There's been some opposition to this, including Guido's:

    Then again the UTF-8 option would be pretty devastating 
    too for anything manipulating strings (especially since 
    many Python APIs are defined using indexes, e.g. the re 
    module).

but unless Guido wants to say different, I think the consensus is that 
a UTF-8 implementation is allowed, even at the cost of O(N) indexing 
operations. Saving memory -- assuming that it does save memory, which I 
think is an assumption and not proven -- over time is allowed.

(3) It seems to me that there's been a lot of theorizing about what 
implementation will be obviously more efficient. Folks, how about some 
benchmarks before making claims about code efficiency? :-)

(4) Similarly, there have been many suggestions more suited in my 
opinion to python-ideas, or even python-list, for ways to implement O(1) 
indexing on top of UTF-8. Some of them involve per-string mutable state 
(e.g. the last index seen), or complicated int sub-classes that need to 
know what string they come from. Remember your Zen please:

    Simple is better than complex.
    Complex is better than complicated.
    ...
    If the implementation is hard to explain, it's a bad idea.
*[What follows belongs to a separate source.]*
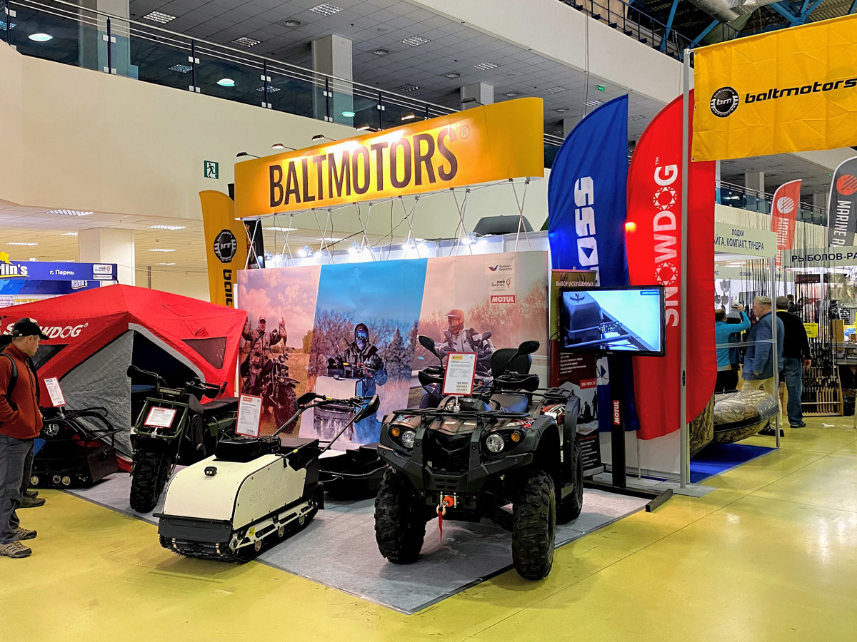 Конечно, для такого отдыха нужен транспорт. Он традиционно также был разнообразно представлен. Красивый стенд Baltmotors стоял выгодно у самого входа, демонстрируя новинки и хиты продаж. Рассказывает менеджер Артём Быстров.

(5) I'm not convinced that UTF-8 internally is *necessarily* more 
efficient, but look forward to seeing the result of benchmarks. The 
rationale of internal UTF-8 is that the use of any other encoding 
internally will be inefficient since those strings will need to be 
transcoded to UTF-8 before they can be written or printed, so keeping 
them as UTF-8 in the first place saves the transcoding step. Well, yes, 
but many strings may never be written out:

    print(prefix + s[1:].strip().lower().center(80) + suffix)

creates five strings that are never written out and one that is. So if 
the internal encoding of strings is more efficient than UTF-8, and most 
of them never need transcoding to UTF-8, a non-UTF-8 internal format 
might be a nett win. So I'm looking forward to seeing the results of 
µPy's experiments with it.

Thanks to all who have commented.

-- 
Steven